The study, by Sumner LaCroix, a UH professor emeritus of economics, and Tim Brown, a senior fellow with the East-West Center, looks at two main phases: a restarting of the non-tourism economy and the restart of tourism.
The visitor industry is the state’s largest single private sector employer, which before the COVID-19 crash provided some 112,000 jobs in the food service and accommodations sectors out of a total of about 655,000 non-farm jobs in Hawaii.
UHERO expects the total number of jobs in the state during the first quarter of this year to be about 140,000 lower than the same period last year. And a big chunk of those losses are expected to come from shuttered and empty hotels and restaurants that have been reduced to serving takeout only, if they’re open at all.
The more pessimistic view is the frozen tourism industry could take up to 18 months to begin thawing out.
And the more optimistic view?
“Tourism can resume very quickly if Hawaii is perceived as a safe place,” Carl Bonham, UHERO’s executive director, told the Hawaii House Select Committee on COVID-19 Economic and Financial Preparedness on Monday during a morning briefing.
If that happens, Bonham said, “Hawaii could be the premier destination for U.S. travelers over the next year.”
Bonham’s remarks echoed those of the UHERO report, which says a key to showing Hawaii is safe is a system that could test visitors using methods that would have to be scaled up quickly.
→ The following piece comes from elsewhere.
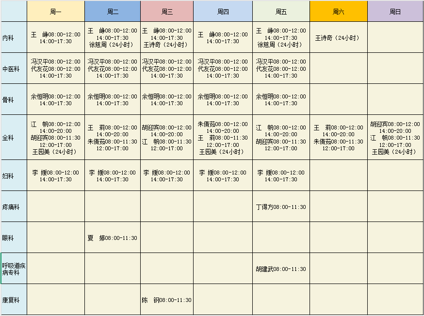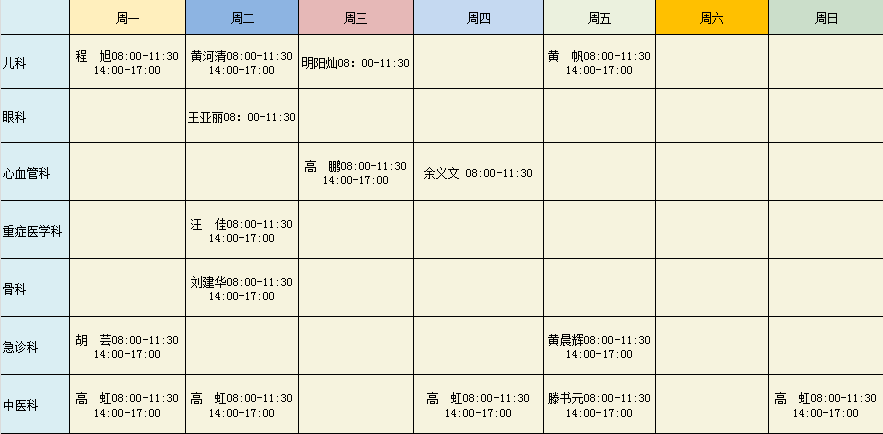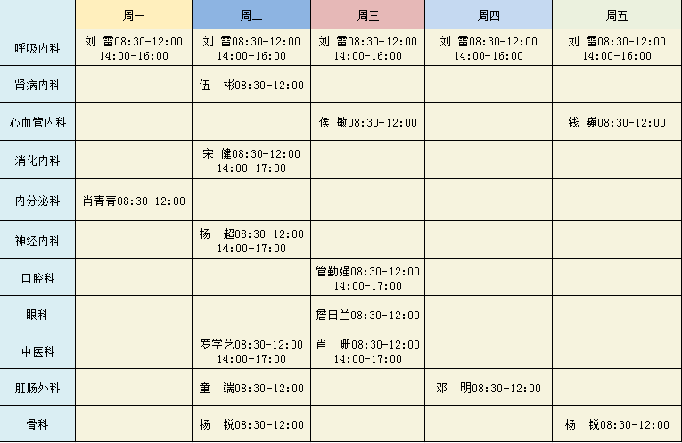 东西湖区人民医院2026年度专家排班

These include so-called antibody tests that could show whether a person already had the virus and recovered, as well as rapid antigen tests that detect whether the person is carrying the virus.
“Tourism could resume quickly if two necessary conditions are met: (1) Potential tourists perceive Hawaii to be a safe place to visit and (2) Hawaii residents can be assured tourists are free of the coronavirus,” UHERO said in the report.
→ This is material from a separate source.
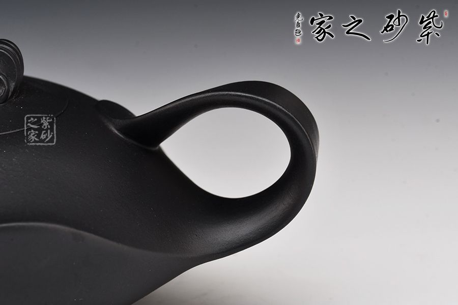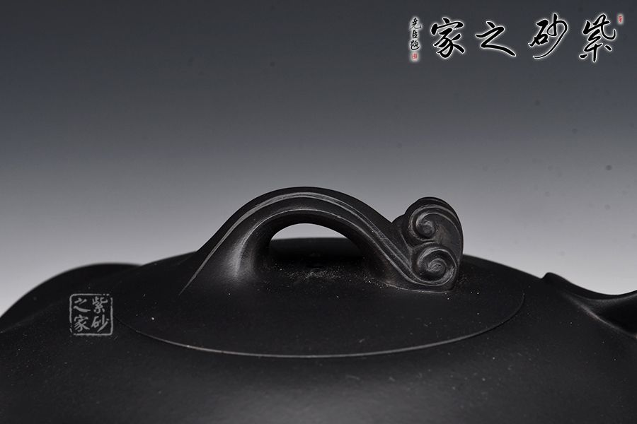 《水云間》此作以充滿韻律的線條將水與云流動的狀態(tài)詮釋的恰如其分。云與水本就無具體形態(tài),作者通過紫砂的塑造賦予了水與云鮮活的生命形態(tài),波浪形水紋橫貫壺身,連接流與把,壺蓋上塑如意臥成壺鈕,揚起的壺把與線條韻勢一致,充滿美感。靜觀整體,如登仙境,把飲黃昏后,靜臥水云間,彩云由我舞,揮清一片天。必番意境,著實令人流連忘返。

Gov. David Ige agreed in principle, but with caveats.
“Clearly testing in the future is the answer for us to restart the economy much, much quicker,” Ige said on Monday, during an afternoon news conference, in response to a question about UHERO’s proposal. “But those tests have to be proven to be accurate and reliable.”
Still, much has to happen before Hawaii is ready to roll out the welcome mat again for tourists, UHERO predicts.
First, governments will have to loosen stay-at-home orders, and local businesses will need to open up again, the study says. Some will find it easier than others: businesses that serve large groups, like restaurants, will have to adapt, UHERO predicts. But so will most others.
“We anticipate that almost all businesses will reorganize operations at least to some extent to increase the safety of customers and employees,” the study says.
And the challenges also will likely spur innovation.
“At the end of the day, the demand for additional safety measures by workers and consumers will be a drag on the Hawaii economy that could persist for several years,” UHERO predicts.
But it adds, “In the longer run the changed circumstances of firms, customers, and workers will encourage waves of innovation that will place the economy and society onto paths unknowable today.”